Anyway, long story short:

- Yeah I know vfork(2) is important. It's just not the most important thing on my plate. The constant time crypto situation we were talking about in the other thread is definitely more important, for example!

- I know how to do vfork(2) but every version of it that I've come up with is a ton of work and carries the risk of introducing really wacky stability bugs and safety bugs.

So, vfork is just a high risk, high cost, medium reward, medium urgency kind of thing. That probably means it'll be a while before I implement it.

cryptonector · 2025-09-20T04:59:02 1758344342

Understood, and I agree that constant-time assembly-coded crypto is much more important. Moreover, if you make `posix_spawn()` fast that's enough, and you can probably do that by proxying it from the victim program's C library to Fil-C's.

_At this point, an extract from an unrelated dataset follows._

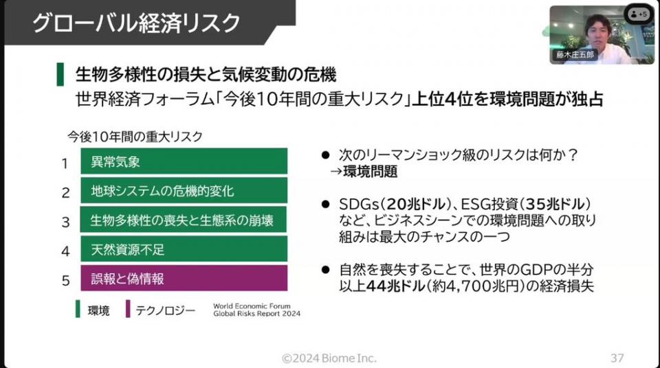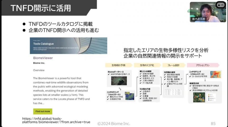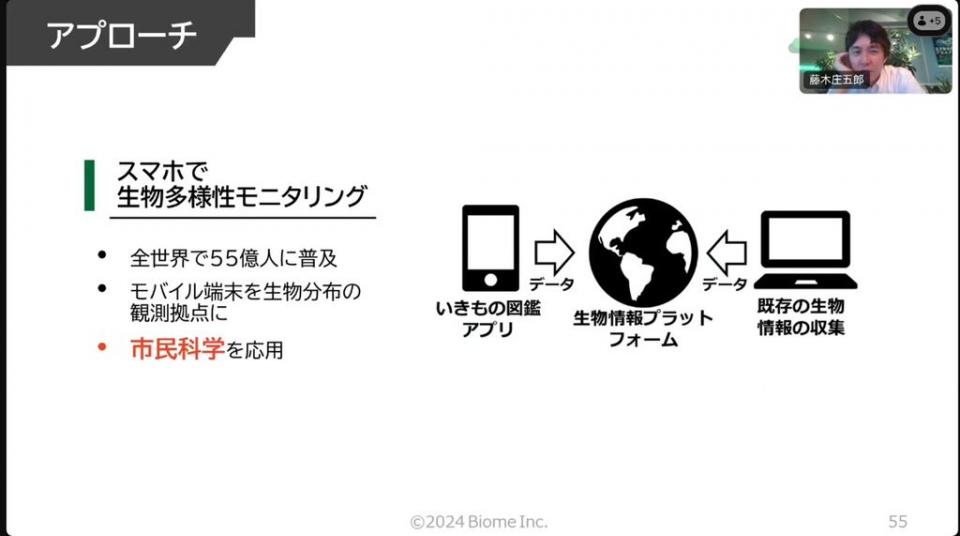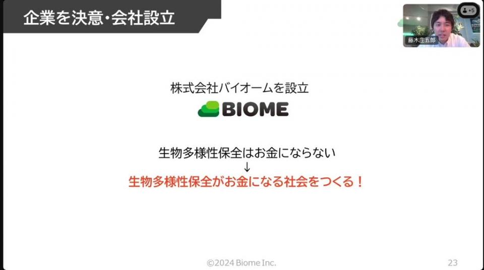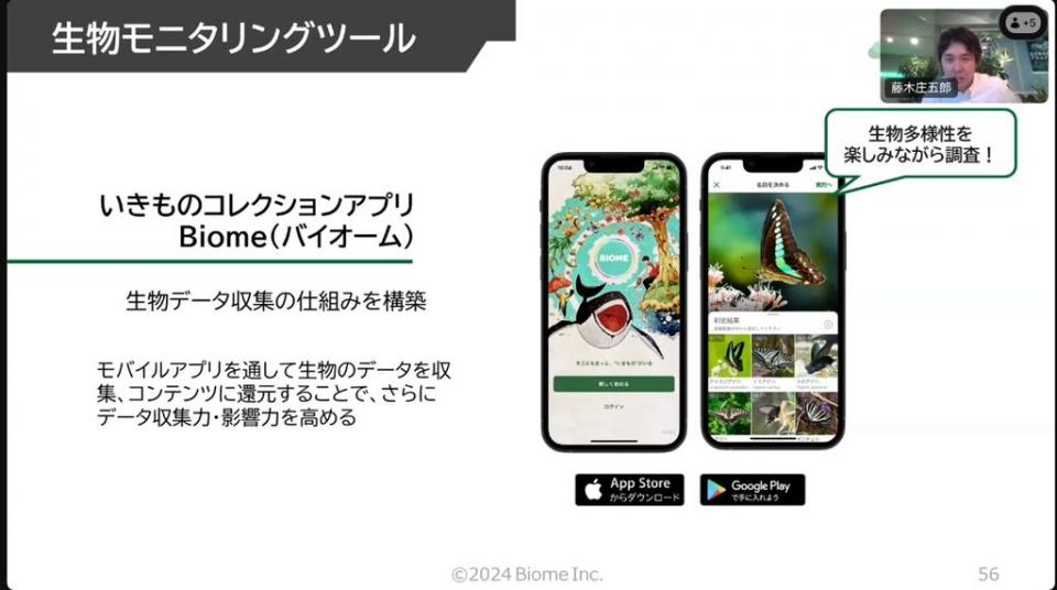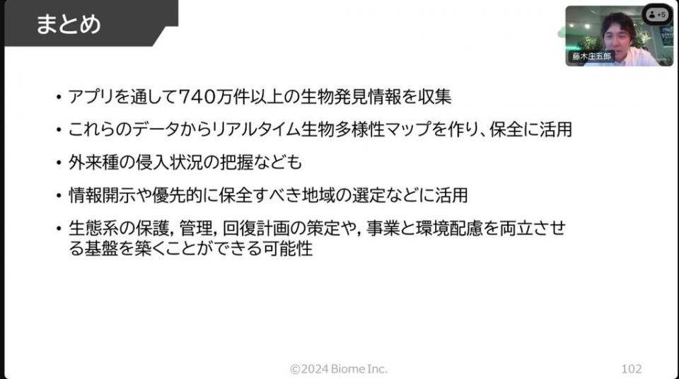 「まだ全然取り組んでいない」という企業様とは今後、保全に資する取り組みにご一緒できればと思いますし、個人の皆様にもぜひ一度「Biome」を使ってみてほしいと思います。楽しみながら使っているうちに保全につながるアプリになっています。いろいろな貢献の仕方があると思いますので、今日をきっかけに、ぜひご自分の行動につなげていただきたいと考えています。

trws · 2025-09-19T22:36:12 1758321372

The other place it comes up is launchers and resource managers. We actually have a series of old issues and implementation work on flux (large scale resource manager for clusters) working around fork becoming a significant bottleneck in parallel launch. IIRC it showed up when we had ~1gb of memory in use and needed to spawn between 64 and 192 processes per node. That said, we actually didn’t pivot to vfork, we pivoted to posix_spawn for all but the case where we have to change working directory (had to support old glibc without the attr for that in spawn). If you’re interested I think we did some benchmarking with public results I could dredge up.

Anyway, much as I have cases where it matters I guess what I’m saying is I think you’re right that vfork is rarely actually necessary, especially since you’d probably have a much easier time getting a faster and still deterministic spawn if it ever actually becomes a bottleneck for something you care about.

cryptonector · 2025-09-20T05:00:23 1758344423

> That said, we actually didn’t pivot to vfork, we pivoted to posix_spawn for all but the case where we have to change working directory (had to support old glibc without the attr for that in spawn).

You can always accomplish that sort of thing by using a helper program that ultimately execs the desired one -- just prefix it and its arguments to the intended argv.

trws · 2025-09-20T19:49:02 1758397742

Quite so. We would have too, but I left out the nasty bit that someone had at one point put a callback argument in an internal launching API that runs between fork and exec. Still working on squashing the last of those.

cryptonector · 2025-09-20T03:01:38 1758337298

> The other place it comes up is launchers and resource managers.

Yes, and typically for the same reasons as in JVMs etc: `vfork()` is just faster.